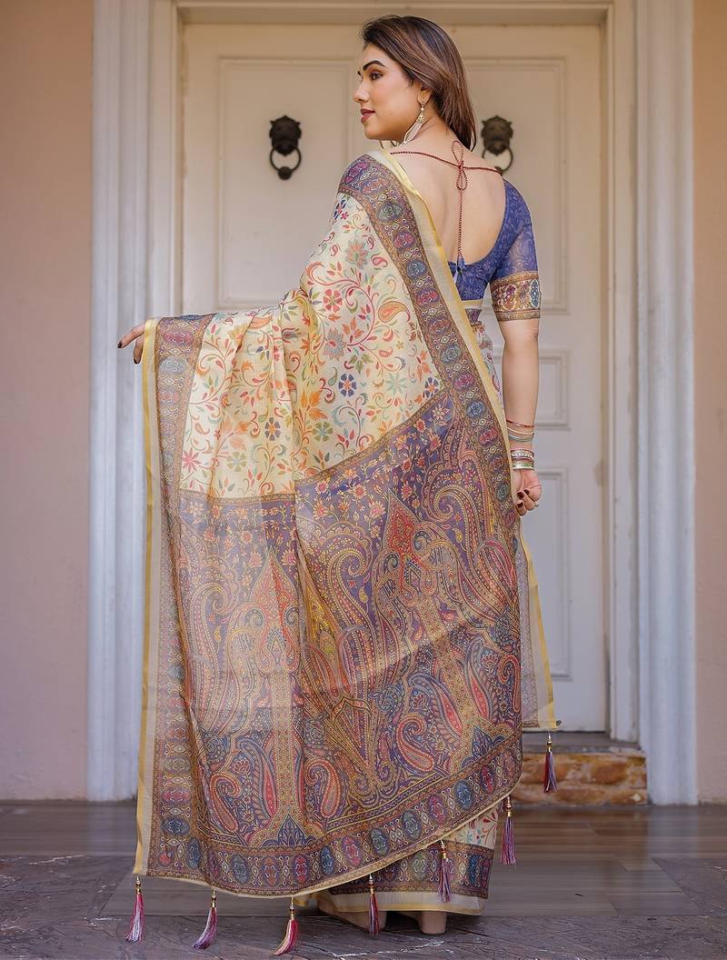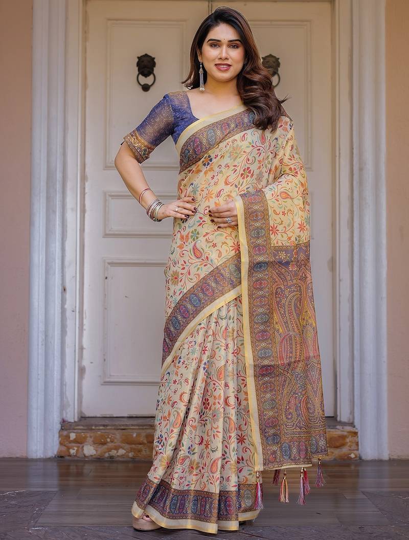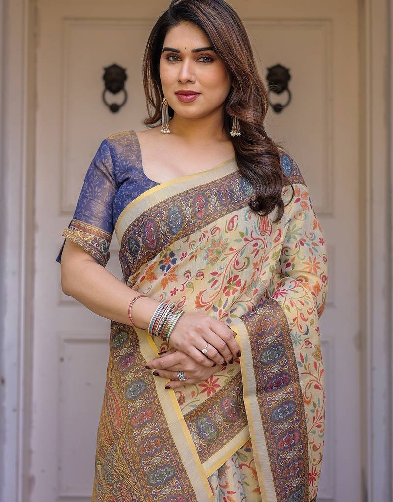 | Product Description | Embrace Effortless Elegance With This Handloom Linen Weaved With Golden Zari Floral Printed Saree, Crafted To Bring Together Heritage Artistry And Modern Comfort. Made From Premium Handloom Linen Weaved With Golden Zari, This Saree Showcases Delicate Floral Digital Prints That Bloom Across The Fabric With A Soft, Artistic Touch. Edged With Playful Tassels On The Pallu, It Adds A Charming Flair That Complements Both Casual And Festive Occasions. The Breathable And Lightweight Texture Of Pure Handloom Linen Weaved With Golden Zari Ensures All Day Comfort, Especially In Warmer Climates. Whether You're Attending A Daytime Celebration, Festive Gathering, Cultural Event, Or Even A Sophisticated Work Meeting, This Saree Offers The Perfect Blend Of Grace, Comfort, And Style. This Saree Comes With A Coordinated 0.8 Meter Attached Blouse Piece, Designed To Complement The Floral Motif And Complete Your Ethnic Look. Why Choose Handloom Linen Weaved With Golden Zari Sarees? 🌿 Eco Friendly & Skin Friendly: Linen Weaved With Golden Zari Is A Natural Fiber That's Gentle On The Skin And Kind To The Planet. 🌸 Timeless Aesthetic: Handloom Weave Adds A Rich, Artisanal Touch To The Fabric, Making Each Piece Unique. ☀️ Ideal For All Seasons: The Fabric Is Breathable In Summer And Warm In Winter, Making It A Versatile Wardrobe Staple. 🎨 Digitally Printed Florals: Artistic Prints Bring A Refreshing, Youthful Vibe To Traditional Wear. Where To Wear: ✅ Festive Functions & Poojas ✅ Ethnic Day At Office Or Colleges ✅ Family Gatherings & Cultural Programs ✅ Summer Weddings, Sangeet & Haldi Events ✅ Casual Brunches And Saree Meet Ups Product Highlights: Fabric: Pure Handloom Linen Weaved With Golden Zari Design: Digital Floral Print With Tassels On Pallu Saree Length: 5.5 Meters Blouse Piece: 0.8 Meter Unstitched (Attached) Comfort Level: Lightweight, Breathable, And Soft On Skin Care: Dry Clean Or Gentle Hand Wash For Longer Durability Style Tip:
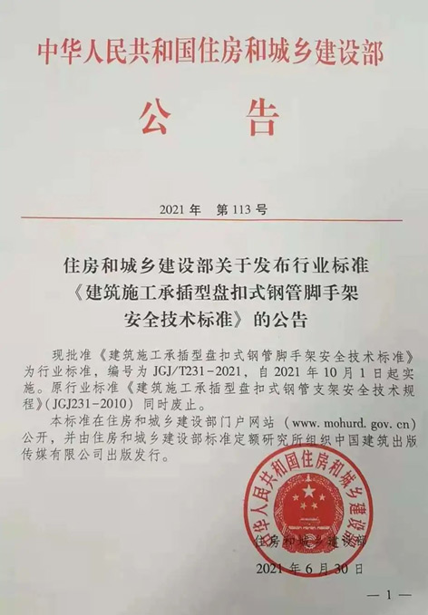 由公司控股子公司安徽卓良新材料有限公司參編的新版《建筑施工承插型盤扣式鋼管腳手架安全技術(shù)標(biāo)準(zhǔn)》于2021年10月1日起正式實施!
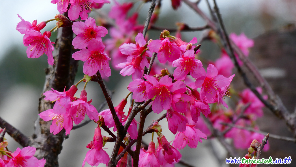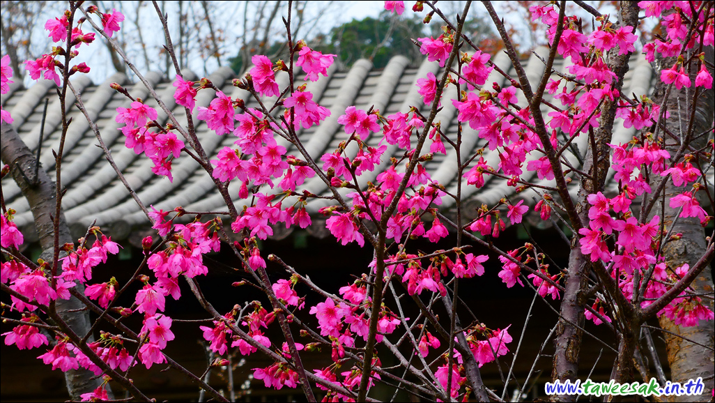 มองไปไกลๆ เห็นต้นไม้สีชมพูเข้มทั้งต้น ก็แอบดีใจว่า ได้เห็นซากุระไต้หวันเป็นครั้งแรก แถมยังกำลังบานอย่างเต็มที่ จะอดไม่ได้ที่จะเก็บบันทึกภาพสีสันสดใสมาเก็บไว้ในความทรงจำ แม้ว่าจะมีเพียงต้นเดียว แต่ทว่าสีชมพูเข้ม ตัดกับสีท้องฟ้า ช่วยเพิ่มความสดใสอีกด้วย
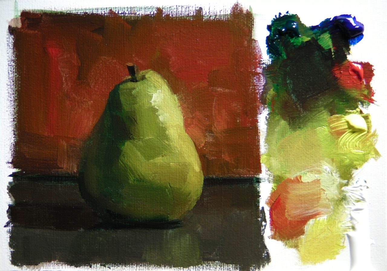 This exercise helps you to learn to see and paint the large colour masses and to simplify your brushwork. (It can also cause fits of despair and hopelessness and short but sweet moments of absolute clarity). Using the same setup and colours divide a 10x10" canvas (or similar) into 4 quarters and give yourself just 10 minutes to paint the pear in the top left quarter. Use a timer. Stop as soon as 10 minutes is up. (No cheating!) Next, change something about the colour arrangement in your scene and give yourself another 10 minutes to paint it again in the top right quarter. Repeat in the bottom left and bottom right.
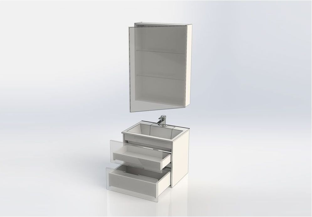 Мебельный гарнитур Акванет Алвита придаст интерьеру ванной комнаты нотку особого очарования и уникальности, благодаря своей нестандартной красивой отделке. Покрытие имеет высокие эксплуатационные характеристики, в частности влагонепроницаемость, прочность и простоту в уходе. Современный дизайн демонстрирует аккуратный минимализм геометрически четких форм, где основная идея подчинена максимальной функциональности. Вместительная тумба с верхним и нижним выдвижными ящиками и зеркало-шкафчик с полками за распашной дверцей создают дополнительное пространство, где будут надежно скрыты от влаги банные принадлежности, а все необходимое при умывании и принятии ванны теперь будет у вас под рукой. Ящики тумбы закрываются легко и бесшумно, благодаря механизму доводчика. Раковина «Фортуна» имеет уникальную конструкцию слива: вместо привычного расположения по центру, он находится в скрытом отсеке под съемной крышкой. Смещение слива и сифона к стене, в сторону канализационного отвода, избавляет от необходимости менять устройство верхнего ящика тумбы и делать в нем выемку. Теперь он свободно передвигается под раковиной и имеет большую вместимость. При желании гарнитур можно укомплектовать навесным пеналом в том же стиле, расширив зону хранения ванной комнаты.

----------

One exact copy of the data is required, and it should hold no pictures.

> [OUTPUT]
 | Product Description | Embrace Effortless Elegance With This Handloom Linen Weaved With Golden Zari Floral Printed Saree, Crafted To Bring Together Heritage Artistry And Modern Comfort. Made From Premium Handloom Linen Weaved With Golden Zari, This Saree Showcases Delicate Floral Digital Prints That Bloom Across The Fabric With A Soft, Artistic Touch. Edged With Playful Tassels On The Pallu, It Adds A Charming Flair That Complements Both Casual And Festive Occasions. The Breathable And Lightweight Texture Of Pure Handloom Linen Weaved With Golden Zari Ensures All Day Comfort, Especially In Warmer Climates. Whether You're Attending A Daytime Celebration, Festive Gathering, Cultural Event, Or Even A Sophisticated Work Meeting, This Saree Offers The Perfect Blend Of Grace, Comfort, And Style. This Saree Comes With A Coordinated 0.8 Meter Attached Blouse Piece, Designed To Complement The Floral Motif And Complete Your Ethnic Look. Why Choose Handloom Linen Weaved With Golden Zari Sarees? 🌿 Eco Friendly & Skin Friendly: Linen Weaved With Golden Zari Is A Natural Fiber That's Gentle On The Skin And Kind To The Planet. 🌸 Timeless Aesthetic: Handloom Weave Adds A Rich, Artisanal Touch To The Fabric, Making Each Piece Unique. ☀️ Ideal For All Seasons: The Fabric Is Breathable In Summer And Warm In Winter, Making It A Versatile Wardrobe Staple. 🎨 Digitally Printed Florals: Artistic Prints Bring A Refreshing, Youthful Vibe To Traditional Wear. Where To Wear: ✅ Festive Functions & Poojas ✅ Ethnic Day At Office Or Colleges ✅ Family Gatherings & Cultural Programs ✅ Summer Weddings, Sangeet & Haldi Events ✅ Casual Brunches And Saree Meet Ups Product Highlights: Fabric: Pure Handloom Linen Weaved With Golden Zari Design: Digital Floral Print With Tassels On Pallu Saree Length: 5.5 Meters Blouse Piece: 0.8 Meter Unstitched (Attached) Comfort Level: Lightweight, Breathable, And Soft On Skin Care: Dry Clean Or Gentle Hand Wash For Longer Durability Style Tip:
 由公司控股子公司安徽卓良新材料有限公司參編的新版《建筑施工承插型盤扣式鋼管腳手架安全技術(shù)標(biāo)準(zhǔn)》于2021年10月1日起正式實施!
 มองไปไกลๆ เห็นต้นไม้สีชมพูเข้มทั้งต้น ก็แอบดีใจว่า ได้เห็นซากุระไต้หวันเป็นครั้งแรก แถมยังกำลังบานอย่างเต็มที่ จะอดไม่ได้ที่จะเก็บบันทึกภาพสีสันสดใสมาเก็บไว้ในความทรงจำ แม้ว่าจะมีเพียงต้นเดียว แต่ทว่าสีชมพูเข้ม ตัดกับสีท้องฟ้า ช่วยเพิ่มความสดใสอีกด้วย
 This exercise helps you to learn to see and paint the large colour masses and to simplify your brushwork. (It can also cause fits of despair and hopelessness and short but sweet moments of absolute clarity). Using the same setup and colours divide a 10x10" canvas (or similar) into 4 quarters and give yourself just 10 minutes to paint the pear in the top left quarter. Use a timer. Stop as soon as 10 minutes is up. (No cheating!) Next, change something about the colour arrangement in your scene and give yourself another 10 minutes to paint it again in the top right quarter. Repeat in the bottom left and bottom right.
 Мебельный гарнитур Акванет Алвита придаст интерьеру ванной комнаты нотку особого очарования и уникальности, благодаря своей нестандартной красивой отделке. Покрытие имеет высокие эксплуатационные характеристики, в частности влагонепроницаемость, прочность и простоту в уходе. Современный дизайн демонстрирует аккуратный минимализм геометрически четких форм, где основная идея подчинена максимальной функциональности. Вместительная тумба с верхним и нижним выдвижными ящиками и зеркало-шкафчик с полками за распашной дверцей создают дополнительное пространство, где будут надежно скрыты от влаги банные принадлежности, а все необходимое при умывании и принятии ванны теперь будет у вас под рукой. Ящики тумбы закрываются легко и бесшумно, благодаря механизму доводчика. Раковина «Фортуна» имеет уникальную конструкцию слива: вместо привычного расположения по центру, он находится в скрытом отсеке под съемной крышкой. Смещение слива и сифона к стене, в сторону канализационного отвода, избавляет от необходимости менять устройство верхнего ящика тумбы и делать в нем выемку. Теперь он свободно передвигается под раковиной и имеет большую вместимость. При желании гарнитур можно укомплектовать навесным пеналом в том же стиле, расширив зону хранения ванной комнаты.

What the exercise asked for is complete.